Work to complete: Without copying any picture, transcribe exactly the lines of the data below from the one containing "A family portrait" through the one containing "そうなると、DASHはどうな".

Provided data:
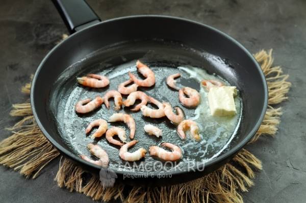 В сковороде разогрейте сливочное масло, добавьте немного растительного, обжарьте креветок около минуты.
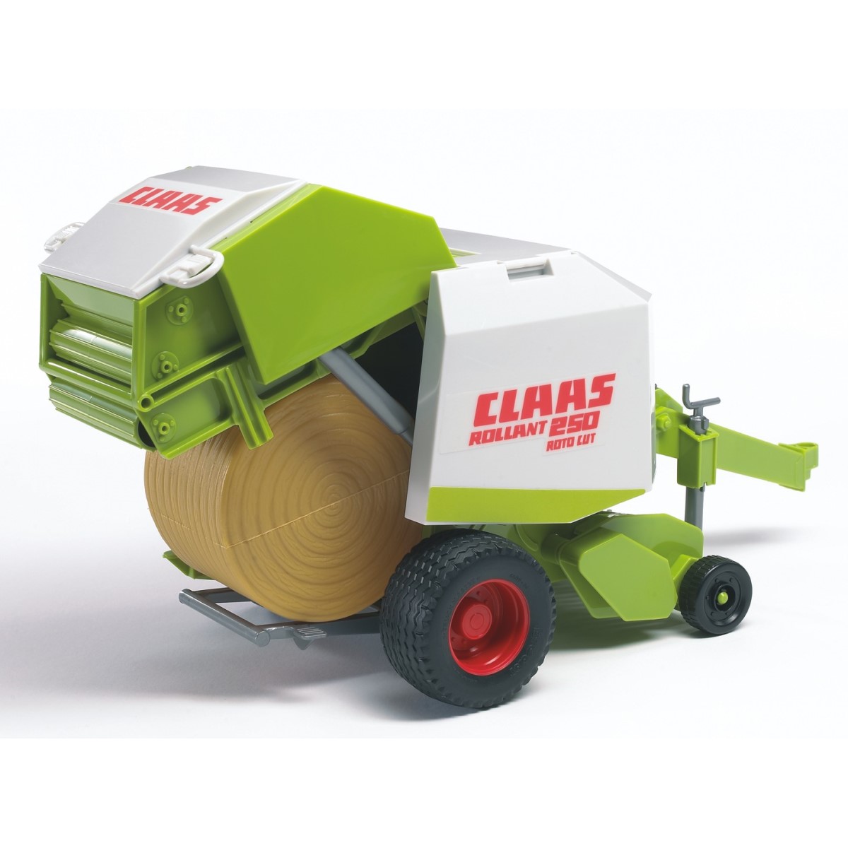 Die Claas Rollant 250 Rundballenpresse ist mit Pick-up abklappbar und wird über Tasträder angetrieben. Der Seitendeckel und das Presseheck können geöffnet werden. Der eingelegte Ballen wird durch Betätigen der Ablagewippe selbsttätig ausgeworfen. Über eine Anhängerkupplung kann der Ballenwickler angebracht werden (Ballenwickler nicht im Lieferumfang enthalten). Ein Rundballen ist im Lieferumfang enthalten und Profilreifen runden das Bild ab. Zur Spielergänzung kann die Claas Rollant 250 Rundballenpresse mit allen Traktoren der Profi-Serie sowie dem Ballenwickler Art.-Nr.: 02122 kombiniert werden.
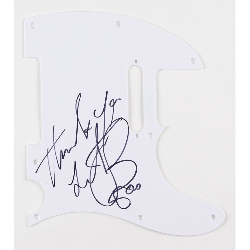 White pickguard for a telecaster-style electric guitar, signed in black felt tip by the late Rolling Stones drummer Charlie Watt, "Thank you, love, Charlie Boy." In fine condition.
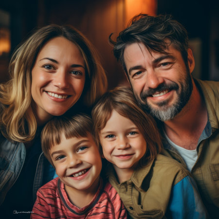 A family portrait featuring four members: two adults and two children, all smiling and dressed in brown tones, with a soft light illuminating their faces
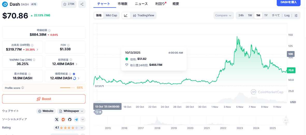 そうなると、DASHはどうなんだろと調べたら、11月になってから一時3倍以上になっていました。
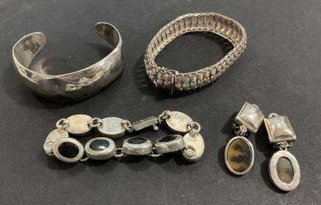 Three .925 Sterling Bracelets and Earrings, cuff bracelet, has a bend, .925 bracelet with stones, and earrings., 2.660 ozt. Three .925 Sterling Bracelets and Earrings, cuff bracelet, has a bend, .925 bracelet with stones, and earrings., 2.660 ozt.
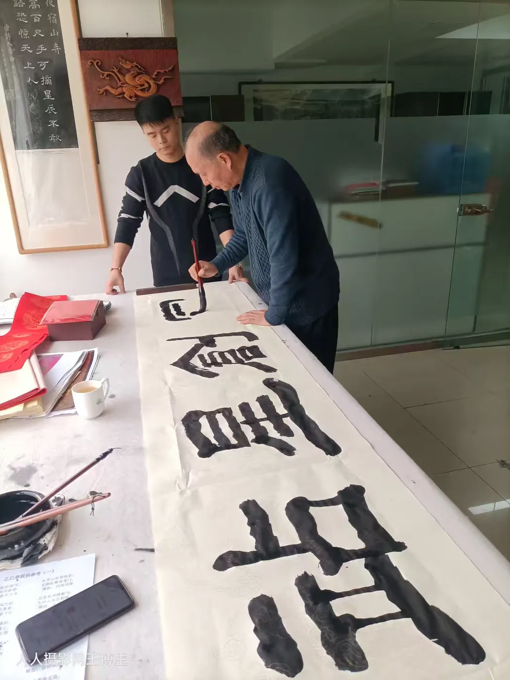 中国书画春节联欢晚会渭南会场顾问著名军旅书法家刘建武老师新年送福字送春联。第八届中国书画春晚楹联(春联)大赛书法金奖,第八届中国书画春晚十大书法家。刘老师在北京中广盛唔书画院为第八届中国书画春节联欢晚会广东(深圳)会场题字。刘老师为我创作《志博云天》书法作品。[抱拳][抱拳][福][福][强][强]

Finished exercise:
 A family portrait featuring four members: two adults and two children, all smiling and dressed in brown tones, with a soft light illuminating their faces
 そうなると、DASHはどうなんだろと調べたら、11月になってから一時3倍以上になっていました。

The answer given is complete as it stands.